Today, the European Parliament’s Industry, Research and Energy Committee voted on proposals to ensure the EU achieves the goal agreed in 2008 to reduce energy consumption by 20% by 2020. Current forecasts predict that the EU is only on track to achieve a 9% reduction on 1990 levels.
The Leader of the UK Liberal Democrat MEPs and energy expert Fiona Hall, chief negotiator for the Parliament’s Liberal and Democrat Group on the Efficiency Directive, said that the new Energy Efficiency Directive was necessary to get the EU back on track towards the 20% target. She went on to highlight the influence that Liberal Democrats in the Coalition Government had had on the Commission’s proposals. She said the new Energy Company Obligation and the Green Deal both introduced by the Coalition Government inspired some key provisions proposed in the new bill, including an obligation on energy utilities to assist their customers with energy saving measures.

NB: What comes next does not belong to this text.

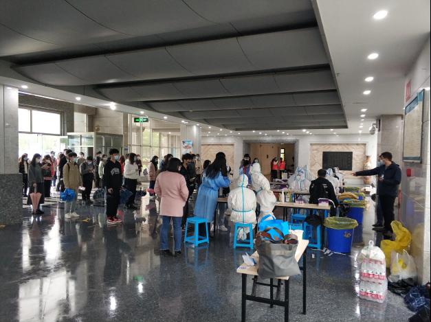 3月31日上午,科研部老师们配合学校深入开展全校师生核酸检测工作。在核酸检测现场,老师们不惧困难,迅速进入工作状态,穿上防护服与医护人员等并肩作战。他们服从指挥、听从安排,按照分工有条不紊地开展维持现场秩序、核酸检测扫码、查看健康绿码、登记信息、现场引导等核酸检测辅助工作,确保核酸采样工作顺利有序地开展。
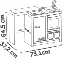 Această bucătărie stilată pentru copii, inspirată de tendințele actuale, va deveni inima camerei copilului. Datorită insulei și accesului din toate părțile, încurajează jocul în comun, dezvoltarea imaginației și a abilităților sociale. Copiii pot găti, servi și „face ordine” ca într-o bucătărie adevărată.

Commenting after the vote, she said:
“Saving energy is the easiest way to offset the effects of higher energy prices. It is also the least costly way to cut carbon emissions whilst creating skilled local jobs and driving economic growth.
“The less energy we need, the less we depend on energy imports from politically unreliable sources such as the Middle East and Russia.”
Hall added that knowing how much energy will be needed in 2020 would also facilitate infrastructure planning and avoid costly over-investment.
Commenting on the relationship between the Energy Efficiency Directive and the Emissions Trading Scheme, she continued: “The Commission must come forward with proposals to adjust the EU’s Emission Trading System to take account of the Energy Efficiency Directive’s impact on the carbon price. This needs to be restored to its original level in order to provide strong incentives for low-carbon investments.”
Informal negotiations on the Energy Efficiency Directive will now take place between the Parliament and Council with the aim of achieving a first reading agreement under the Danish Presidency.